Yes, I would have been the one who you might have heard that from, but they have done lots of optimizing and have cut it down drastically. I also have a *feeling* that some interface elements might change with chimera soon ("..feelings nothing more then feelings..." ). Also once they have the core of the browser working properly they will switch their focus to the interface.


----------



## ABassCube (Mar 28, 2002)

OK, from your various posts you definitely seem to know a LOT of stuff we don't about Chimera. So, do you have any idea of when 0.2 is coming out? Chimera's website has said "real soon now" for about a week now. What's taking so long? Can you say if it'll be anytime soon at all?

Adam


----------



## Bluefusion (Mar 28, 2002)

LOL 'cube you think Google is going to TELL you what he knows? He's been teasing us about it in another forum for weeks now 

Just go with the info available on Chimera's main site, and see if Google actually turns out to be right


----------



## googolplex (Mar 28, 2002)

Actually I'm being perfectly honest with you. I dont know when it is going to be released. When I ask its the same answer to me. "When its ready". I have been told to keep hush hush about some things that I was told though...


----------



## ABassCube (Mar 29, 2002)

> _Originally posted by Bluefusion _
> *LOL 'cube you think Google is going to TELL you what he knows? He's been teasing us about it in another forum for weeks now
> 
> Just go with the info available on Chimera's main site, and see if Google actually turns out to be right  *



Well, I thought it was worth a shot.


----------



## Bluefusion (Mar 29, 2002)

HA! I'm up later than you are, Cube.


----------



## nkuvu (Mar 29, 2002)

There comes to be a point in the evening when it is no longer evening.  It is morning.  And I believe that 4:13 a.m. fully qualifies as morning.

So the phrase should be "I'm up earlier than you".  Unless you're talking to a really old person.  They don't sleep.  They just pretend so that they fit in socially.  But ever notice that they're up after everyone else, but still making waffles at 4:02 and berating everyone else for sleeping in?

I amuse myself.  Now I will stop posting (at least to this thread) because I need to start making waffles...


----------



## ABassCube (Mar 29, 2002)

> _Originally posted by Bluefusion _
> *HA! I'm up later than you are, Cube.  *



Did I miss something? Is that like some great accomplishment or something? I thought you were always up later than me. I often get an E-mail from you right when you get up, meaning you either stayed up later or got up earlier. Whatever. This topic has gotten WAY OT now.


----------



## Bluefusion (Mar 29, 2002)

LOL yes it has.

Oh man, we were talking about web browsers? What?

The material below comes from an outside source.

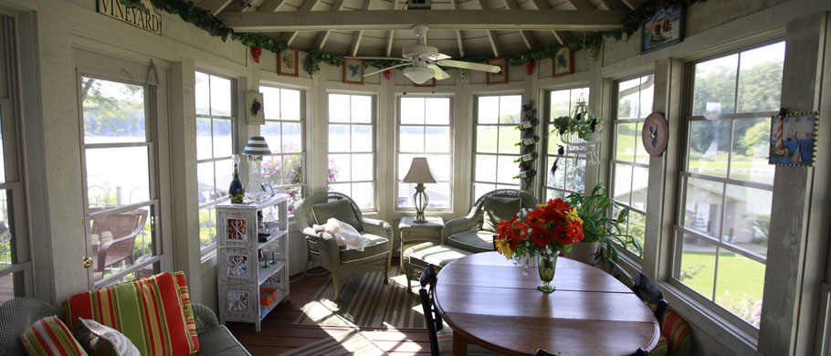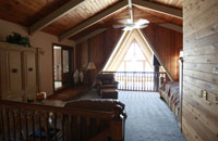 Natural pine ceiling and walls, sliding screen windows

See, the reason I said I'm up LATER not earlier was because I did not sleep AT ALL. So therefore, I'm still up later than you, as it's now 11:22 a.m. and I haven't gone to sleep yet. 

Did that clear things up?


----------



## googolplex (Mar 29, 2002)

How many people actually *like* IE the best.

For the people who voted for it, don't you feel kind of 'dirty' using it


----------



## rinse (Mar 29, 2002)

as a web designer and developer.... i like IE best. there. i said it.

i like the fact that what i code is going to behave largely the same on Mac IE as it does on windows IE... and the fact that it isnt netscape.

as for these third party browsers... how can you view Flash sites effectively with these things? I never can go to a flash site and expect Omniweb to show the Flash stuff reliably and i dont have the patience to watch mozilla crash and burn.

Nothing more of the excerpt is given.